In 1889, the state enacted an Act of Acceptance, ratified by the Chief Justice, of the terms and conditions of Clemson's will, including:

Section 3, " ... board of trustees, composed of the seven members nominated by said will and their successors ..."

By not providing specific terms of office, one Act permitted life terms of office for those seven trustees.

This established that the seven people named by the will and their collective successors were to be trustees, perhaps with life tenure. They became known as life trustees.

In 1895, the state adopted a Constitution that included, Art. VI, 1 and Art. XVII 1B, "... No person shall be ... appointed to office in this State for life. ..." Those sections prohibited life terms for the seven trustees named in the will and their successors, established as law.

Art. XVII, 11, "... Laws inconsistent with Constitution. ... The provisions of all laws which are inconsistent with this Constitution shall cease upon its adoption. ..."

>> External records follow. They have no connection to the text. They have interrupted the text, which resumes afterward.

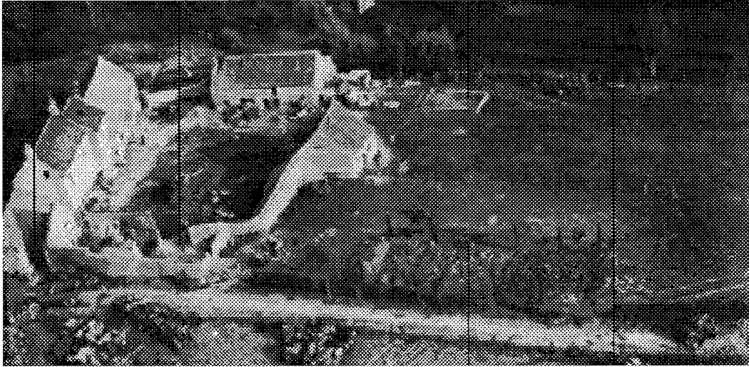
German convoy destroyed around a farmhouse in Normandy, 1944. German commanders believed that one of the most important contributions made by Allied airpower in World War II, especially in Normandy, was through its impact on the German army's daytime movement.

accurate/timely situational awareness was always available and in sufficient detail to highlight opportunities when offensive action could have led to prompt victory. At no time did the brigade assault with unexpected, overwhelming maneuver to decisively overwhelm the enemy. For whatever reason, leaders did not demonstrate the capacity to recognize or seize these opportunities. Instead, attritional/high casualty warfare was always favored. 11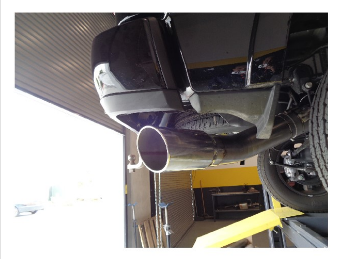
Step 5. Once a final position has been chosen for the new exhaust system, evenly tighten all clamps and fasteners, from front to rear, using the torque specifications on page one of the instructions. Inspect all fasteners after 25-50 miles of operation and re-tighten if necessary.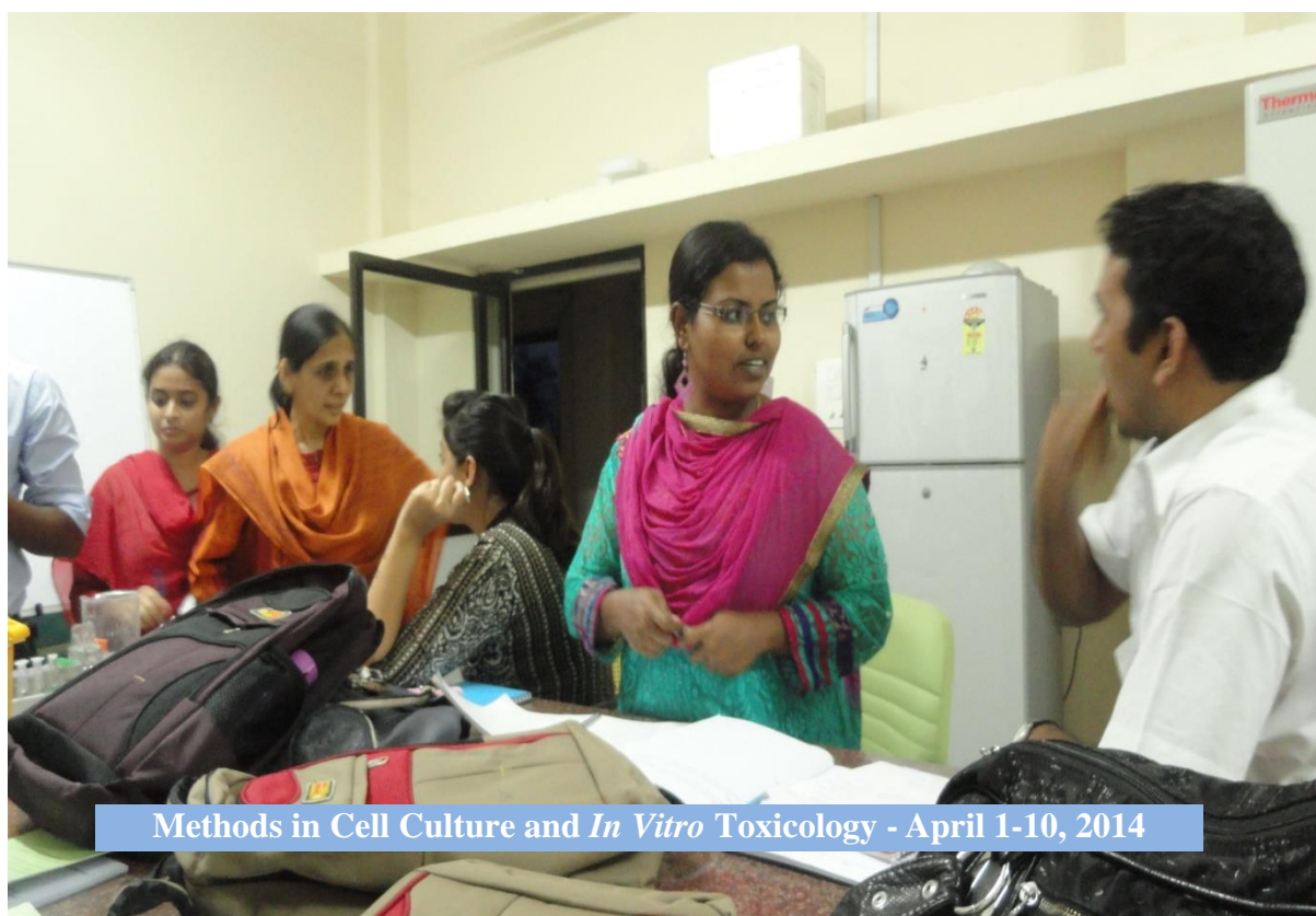
Methods in Cell Culture and In Vitro Toxicology - April 1-10, 2014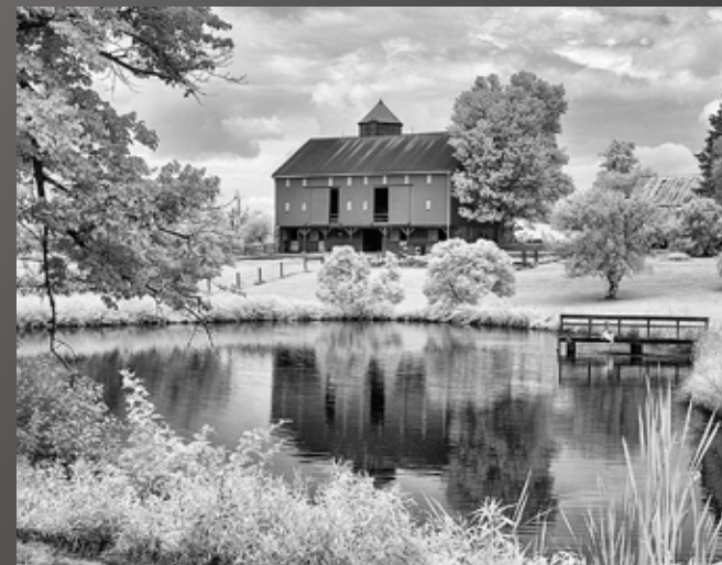
3rd Place Chuck Gallegos "Lazy Daze"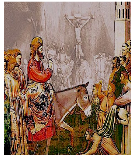
Those preceding him as well as those following kept crying out: "Hosanna! Blessed is he who comes in the name of the Lord!" (Gospel)

1st Reading: Isaiah 50: 4 - 7 Responsorial Psalm: My God, my God, why have you abandoned me? 2 nd Reading: Philippians 2: 6 - 11 Gospel: Mark 14: 1- 15: 47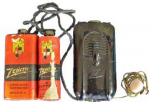
Fig. 18. The Zenith Model A3A-B3A “Radionic”—a two-piece vacuum-tube hearing aid. The large “B” battery is on the left and the round “A” battery beside it (1944).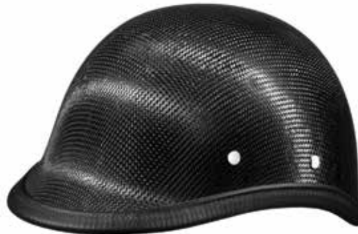
Carbon Fiber 2003G-(Size)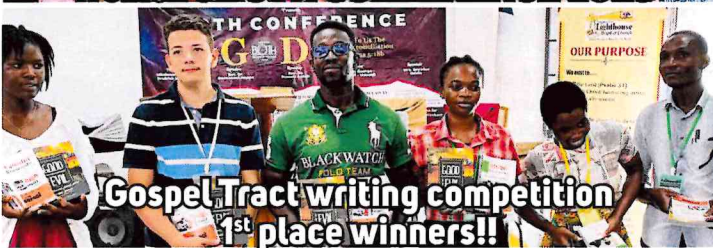
Gospel Tract writing competition 1st place winners!!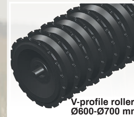
V-profile roller Ø600-Ø700 mm

The Star Roller increases drainage, consolidates the soil and leaves it loose.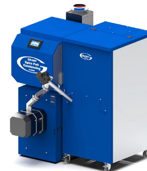
Spira Pell 9-33kW Condensing wood pellet boiler

Utilising indigenous wood pellets, these are truly an environmentally friendly heating solution, with outputs from 5 to 33kW.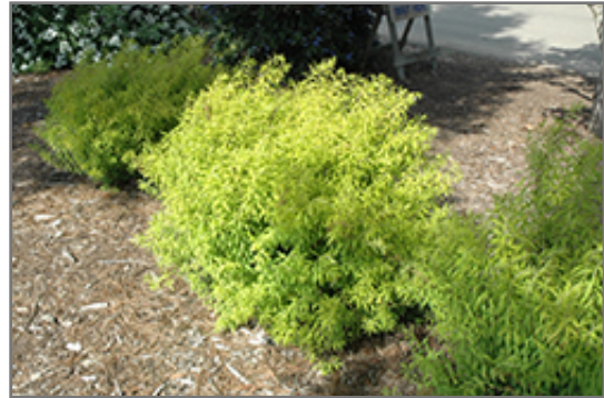
Mellow Yellow Spirea

This is a high maintenance shrub that will require regular care and upkeep, and should only be pruned after flowering to avoid removing any of the current season's flowers. It is a good choice for attracting butterflies to your yard, but is not particularly attractive to deer who tend to leave it alone in favor of tastier treats. It has no significant negative characteristics.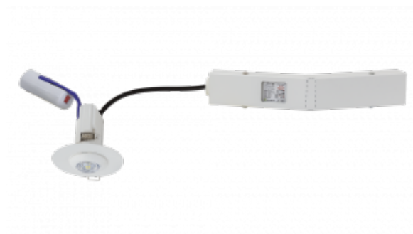
LED4 Wireless Remote Pack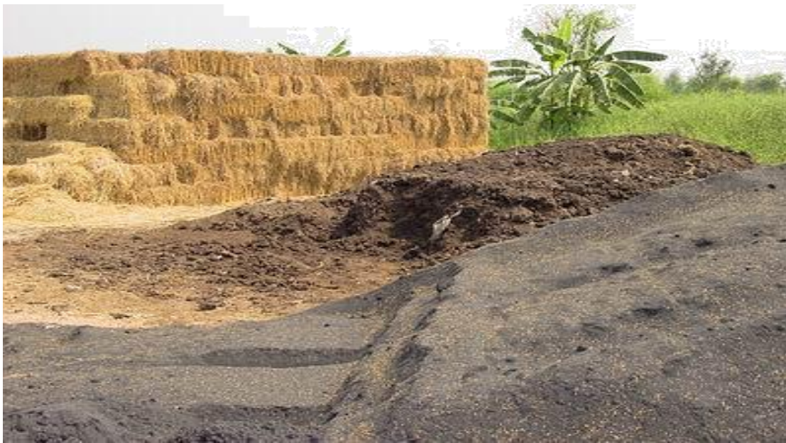
Fig 1: Rice husk ash (R.H.A)

Rice Husk Ash is a Pozzolanic material. It is having different physical & chemical properties. The product obtained from R.H.A. is identified by trade name Silpoz which is much finer than cement.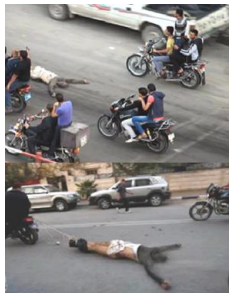
Corpse being dragged dragged through streets of Gaza

What the ISIS, ISIL or IS look-alikes have in common are intolerance of any religion other than Islam, fury at any hint of criticism or lack of respect for their religion, establishment of a caliphate, imposition of Shaaria law and most reprehensible of all, unbelievable cruelty.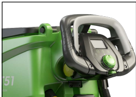
FULL MACHINE CONTROL WITH INTUITIVE CONTROL DIAL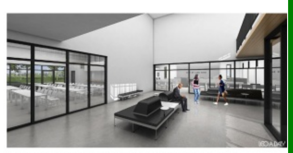
TOTAL ANTICIPATED PROJECT COST: $14,600,000 DESIGN COMPLETION: Late summer 2021 CONSTRUCTION COMPLETION: Fall of 2022

The new Lake Elmo City Hall / Public Safety Facility combines City Hall staff and functions, the entire Fire Department, and a satellite office for the Washington County Sheriff's department. This co-location involves renovating and expanding the City-owned Brookfield Office building to concentrate civic resources into a single structure at the historic core of the city. In addition, the Public Works facility will also be expanded to accommodate City growth and expanded service needs.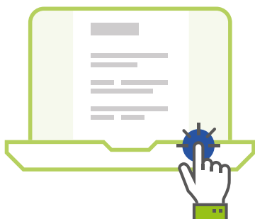
HR Documents in a snap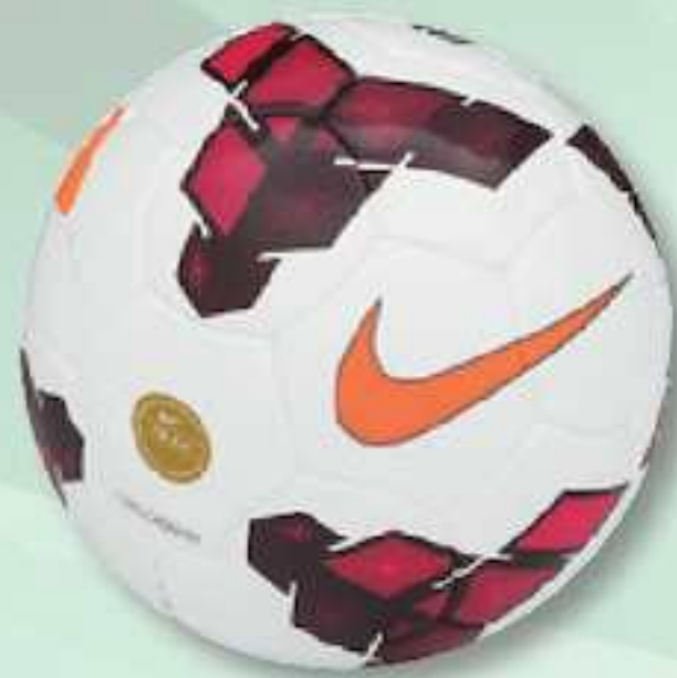
167 White/Red/ (Total Orange)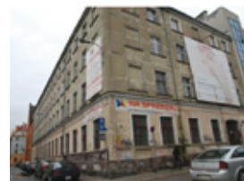
City management and governance voids

City management or governance voids result from city council policies of dealing with voids. Wrocław has chosen the easiest way to cope with its voids (mainly public property) by putting them on the free market.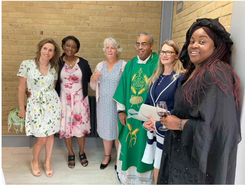
Confirmation group 20th June 2021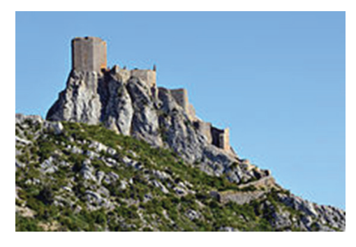
Le château de Quéribus

In the South of France, inland from the Mediterranean, and near the Pyrenees (the modern border with Spain) is a region of remarkable castles and historic sites such as le château de Quéribus , and the city of Carcassonne . Many of the place names are famous – how are they pronounced?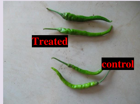
The effects of Tabak 19-19-19 on peper - Khuzestan - Gotvand - 2014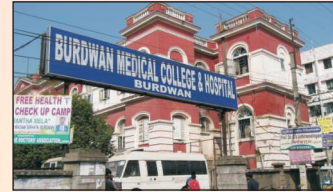
Burdwan Medical College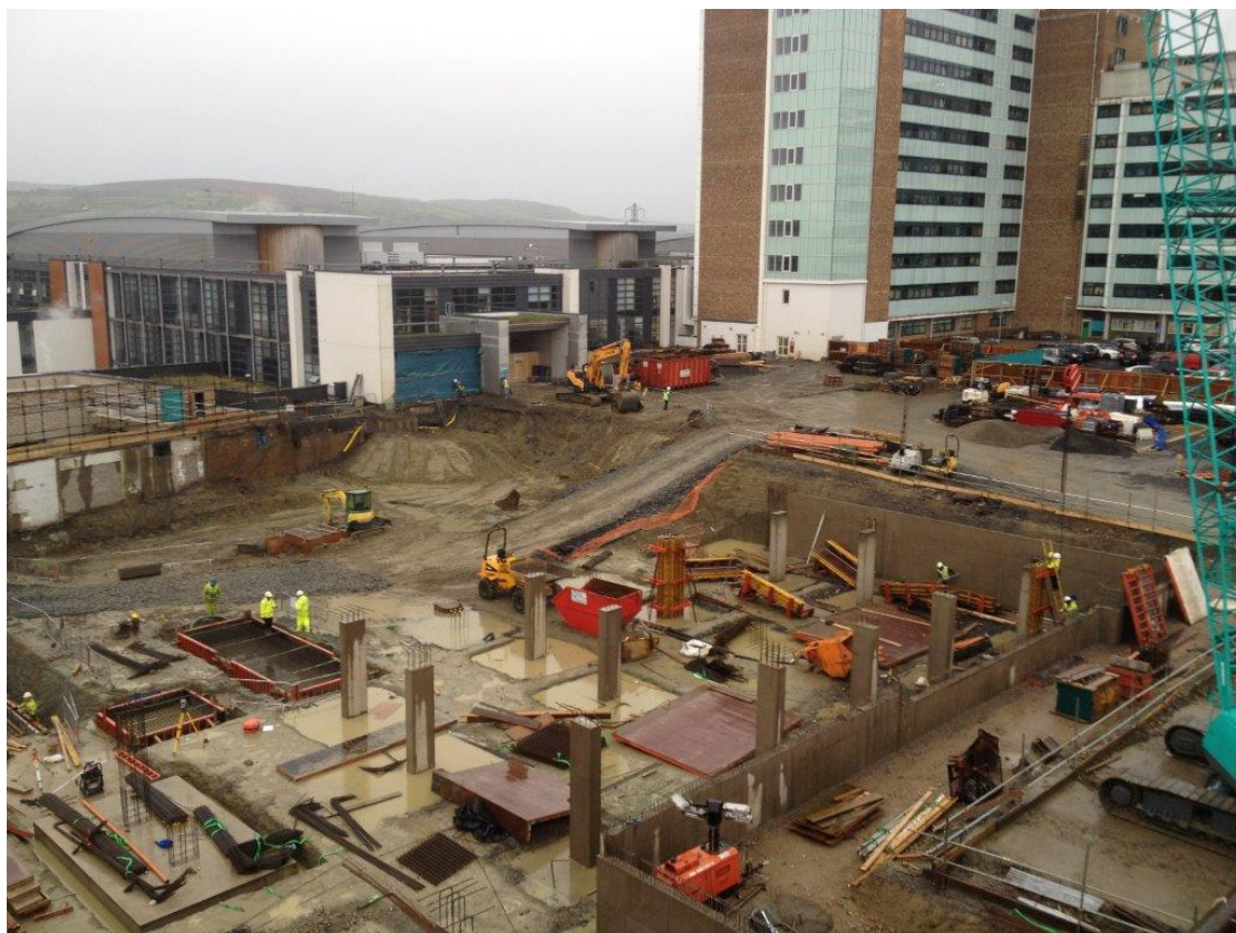
Construction underway at the Radiotherapy Centre at Altnagelvin Hospital, Derry.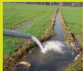
Community Water supply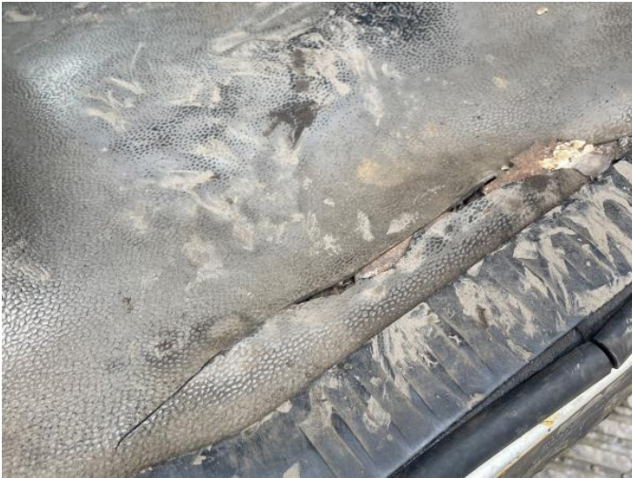
3: Carpets Front Torn Over 10mm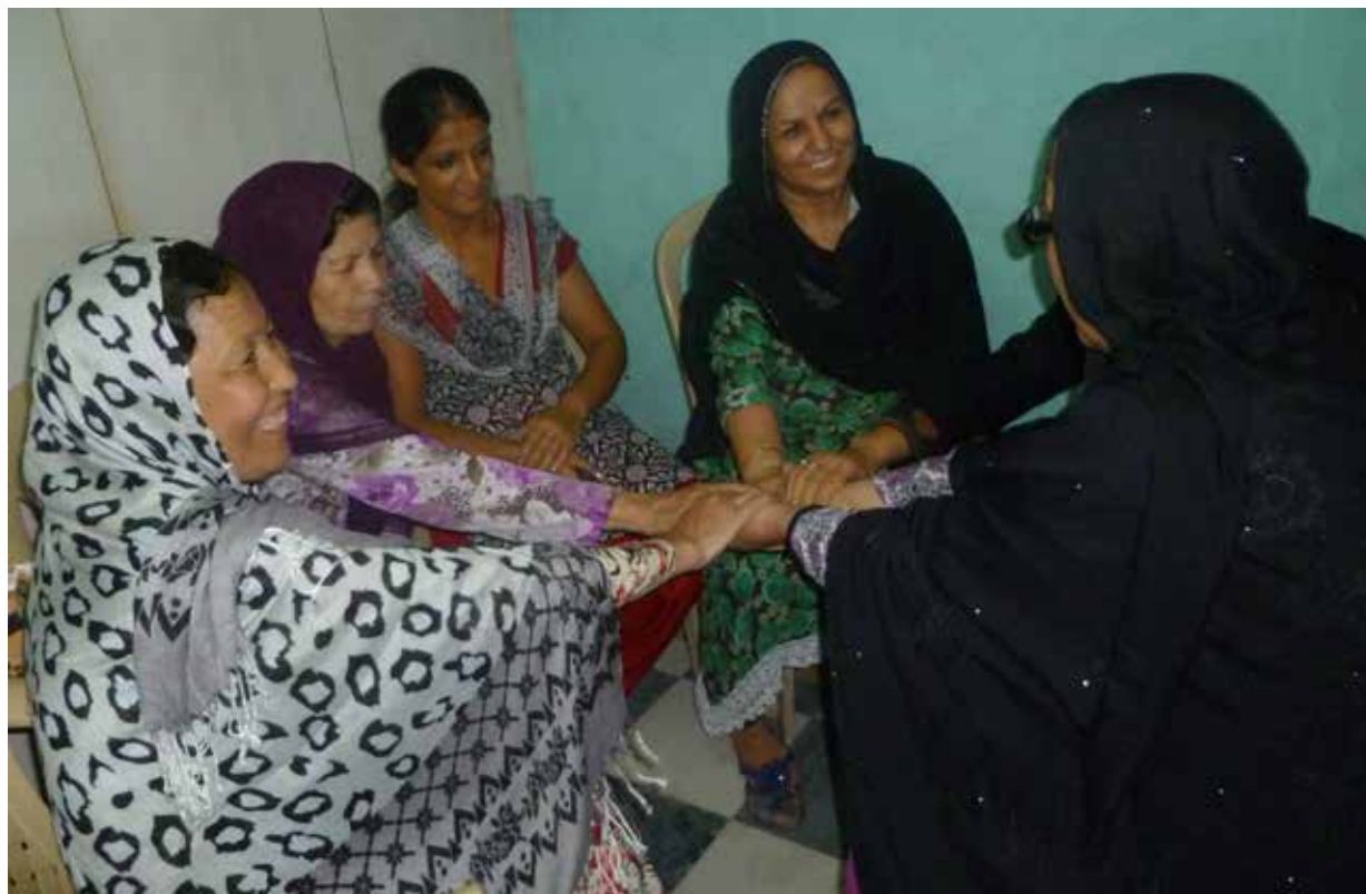
Afghan women in Delhi participating in a group activity run by the Refugee Community Development Project.

From the onset of urban response, UNHCR must consider which potential local partners currently have the skills, capacities, sensitivities, and personnel to serve all refugees and/or particular subpopulations; what additional training and recruitment is needed to bring local partners' service provision and GBV case management up to humanitarian standards, including the survivor-centered approach called for in the IASC Guidelines; 10 and what meaningful feedback and accountability mechanisms can be put in place for their implementing partners, mindful that certain groups of refugees may have greater or less access to any one mechanism.

This prohibited the possibility after 1895 of the Act of Acceptance providing those seven trustees or their successors being appointed for life.

Consequently, every life trustee serving after 1895, if appointed for life, served and are serving in violation of the Constitution.

For several years there have been rumbles about a brewing lawsuit to defend the Constitution in this matter. For 119 years, Clemson University has been suppressing this festering problem. If such a suit is brought and is successful, South Carolinians will give Clemson a black eye for having ignored the problem.

If such a suit is brought and fails, South Carolinians will realize that Clemson politics has persuaded the judiciary to conclude that defending the Constitution is unimportant. That would give Clemson a larger black eye.

Clemson can forestall this lawsuit and minimize an inevitable black eye by fixing the problem prior to institution of a lawsuit.

Clemson now has no bylaws. I suggest that the seven current Life Trustees can best serve Clemson, the state and themselves if the board adopts bylaws including:

The Trustee successors to the Trustees named by Clemson's will, when appointing a replacement of their number, shall not appoint a Trustee for a term exceeding six years.

This is to satisfy the prohibitions of the Constitution Art. VI, 1 and Art. XVII, IB.

If this happens, it will be an important defense of the Constitution, of which Clemson should be proud.

If this happens, the General Assembly can amend the Act of Acceptance to include enabling the Board of Trustees to adopt and amend bylaws.

E.D. Sloan Jr. is president of the South Carolina Public Interest Foundation, a nonprofit organization founded to ensure that public bodies in the state act in compliance with the Constitution and statutory law. It has brought at least 75 lawsuits on those issues since its founding in 2005.